Sardar Amjad Youssef Khan, the Executive Director Kashmir Institute Of International Relations (KIIR), commended the top UN Rights Chief for his policy statement on Kashmir.
“My organization welcomes the update by the High Commissioner For Human Rights on the situation in Jammu & Kashmir, where he mentioned his request to the Governments of India and Pakistan to invite teams from the office of the High Commissioner to examine the situation of human rights on both sides of the temporary ceasefire line known as the LOC,” Youssef said.
He also welcomed the statement made by the Permanent Representative of Pakistan to the United Nations, Ambassador Farukh Amil. “We also welcome the statement made by Pakistan to facilitate the team from the OHCHR and his request to India to facilitate the UN Mission. This Mission is critical because of the deteriorating situation in Indian-occupied Kashmir,” Youssef said.
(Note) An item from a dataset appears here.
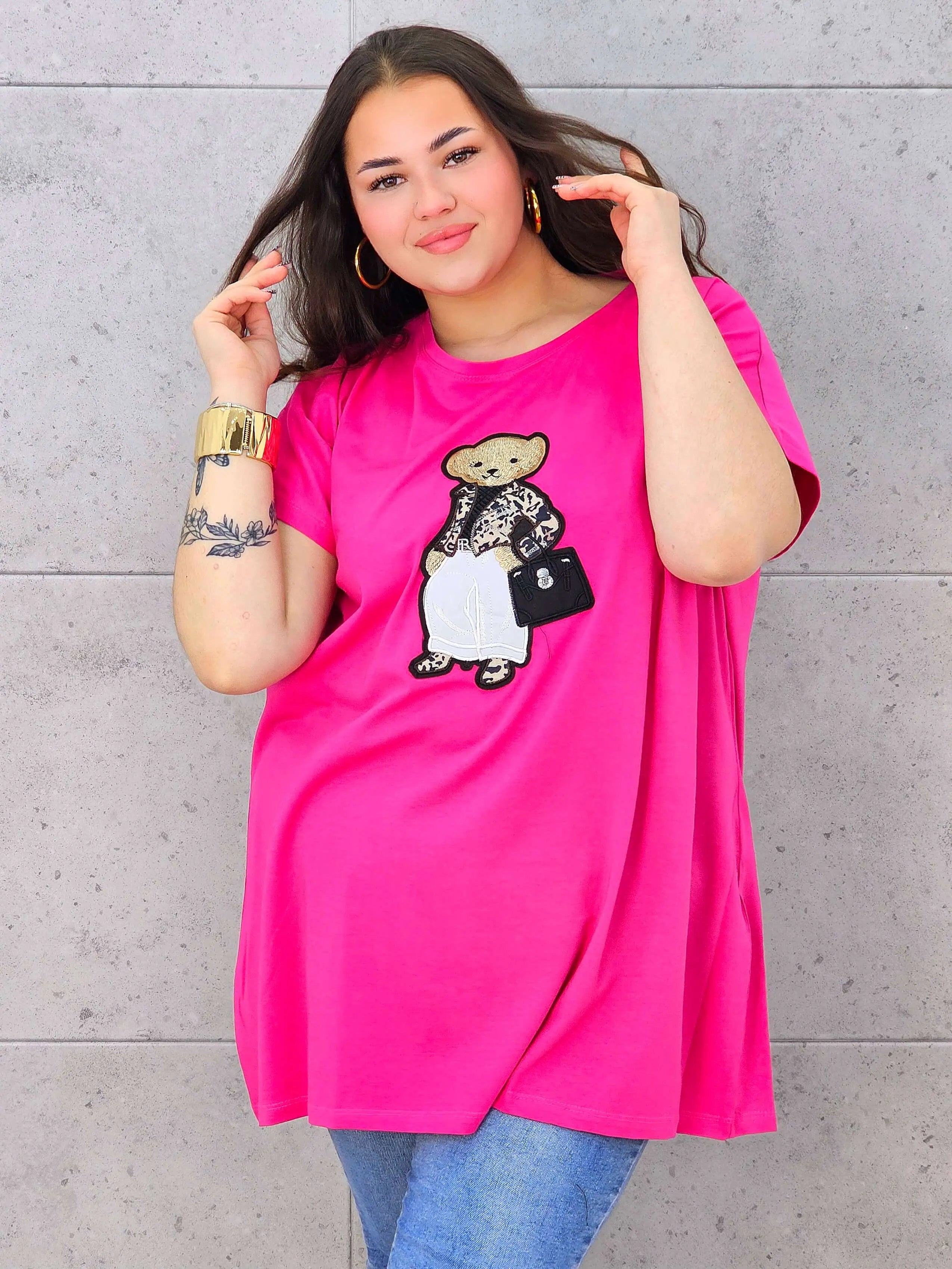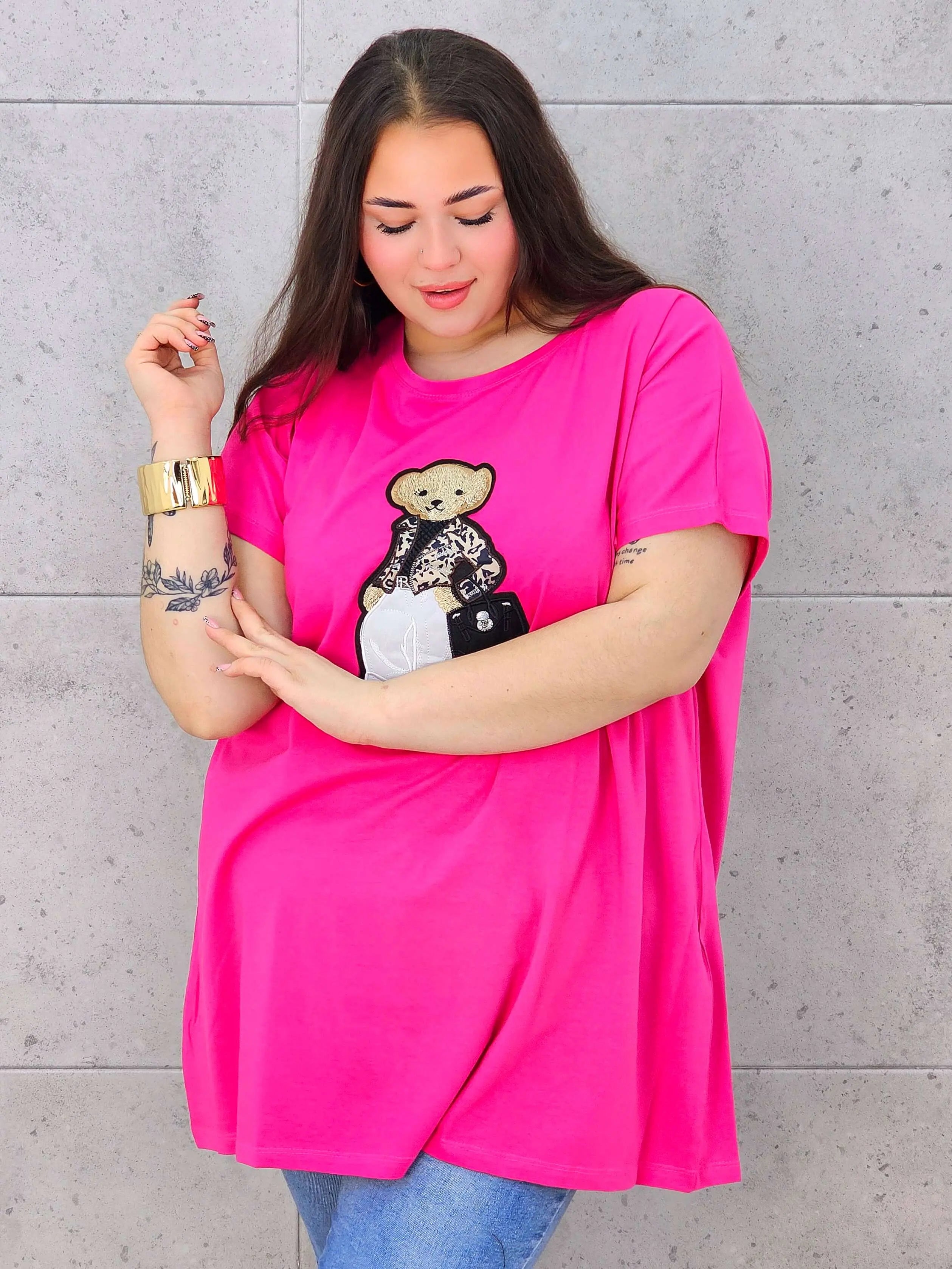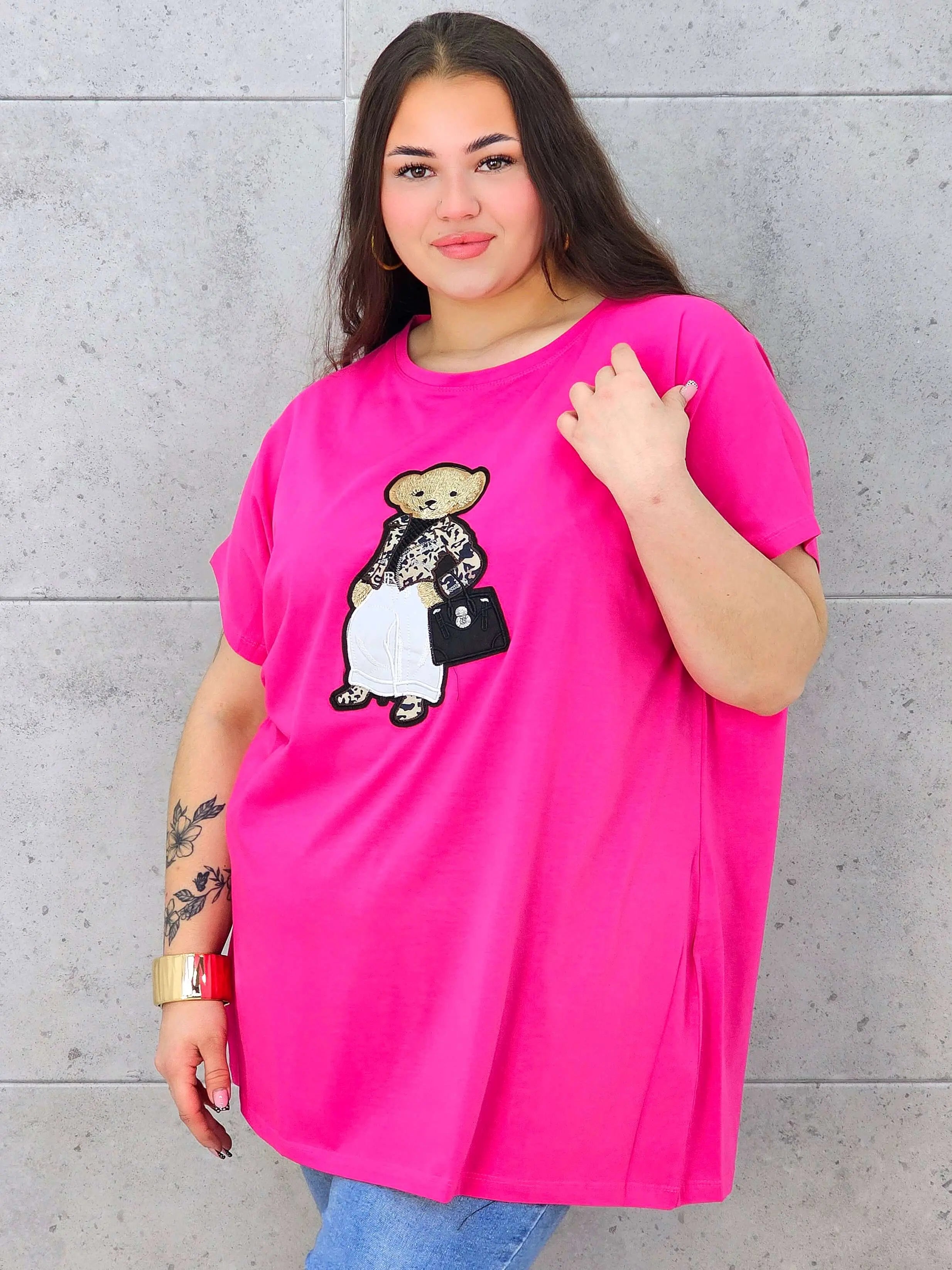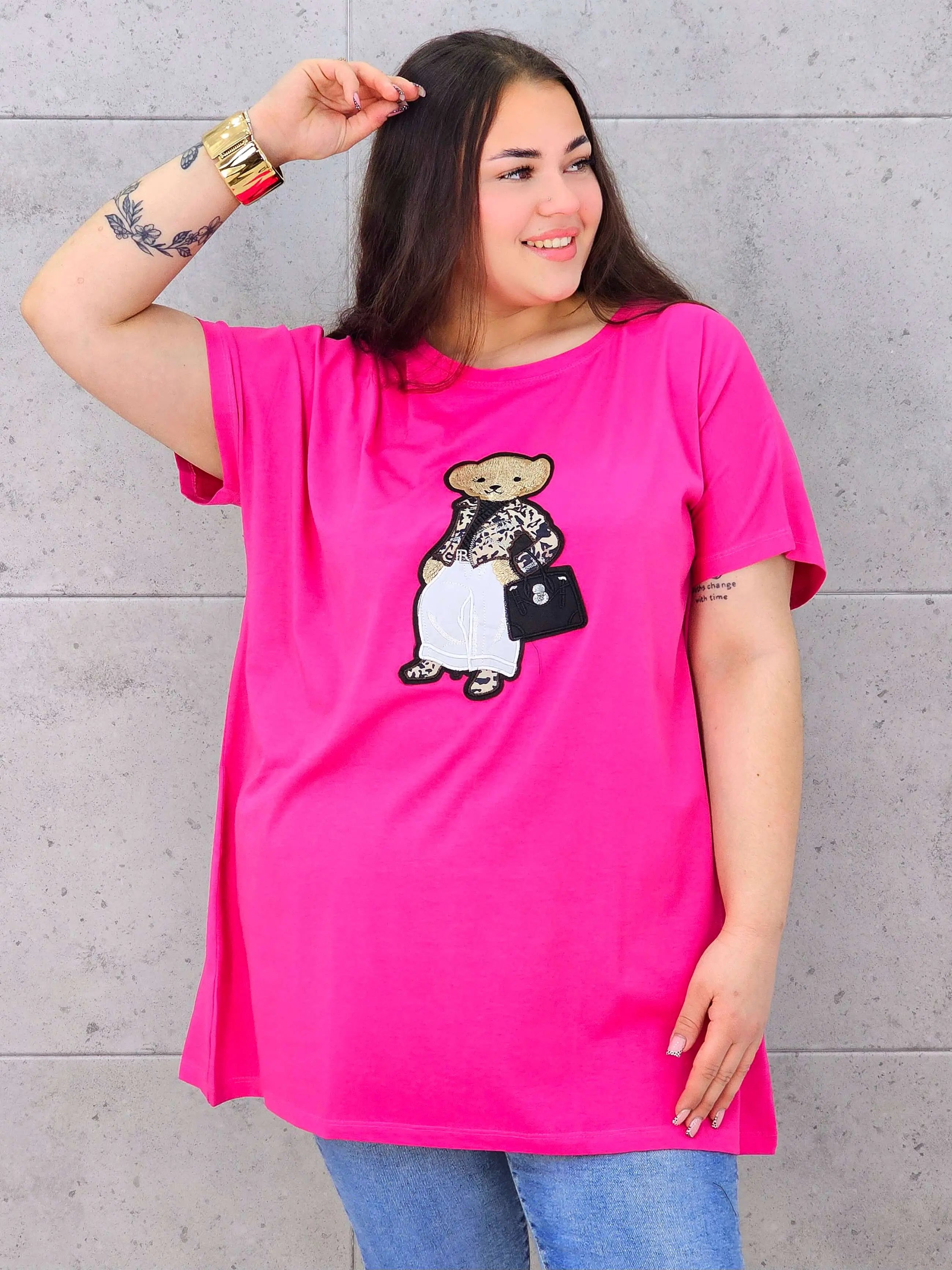 Bluzka plus size – stylowy model z ozdobnym misiem

The Kashmir Delegation is led by a senior Kashmir freedom leader from Indian-occupied Kashmir, Altaf Hussain Wani. In his speech to the Council, Wani drew the diplomats’ attention to the crackdown on the Kashmiri civil society and restrictions on holding peaceful assembly.
During the first five months of 2017, at least 40 people were killed and hundreds injured in different incidents in Kashmir involving the Indian occupation army.
The eight-member Kashmir Delegation for UNHRC’s 35th session consists of Altaf Hussain Wani-Delegation leader and senior Kashmir freedom leader, senior APHC leaders-Syed Faiz Naqshbandi, Hassan al-Banna and Advocate Pervaiz Shah, Sardar Amjad Youssef Khan-Executive Director Kashmir Institute Of International Relations (KIIR), senior woman Kashmiri leader Mrs. Shamim Shawl, Ahmed Quraishi-Executive Director YFK–International Kashmir Lobby Group and Prof. Shagufta Ashraf-Human Rights Defender working with women & children.
YFK–International Kashmir Lobby Group (Youth Forum For Kashmir) is Pakistan’s first pro-Kashmir, registered and nonpartisan International lobbying group led by young Kashmiris and Pakistanis working to ensure justice to Kashmiris living under Indian-military occupation.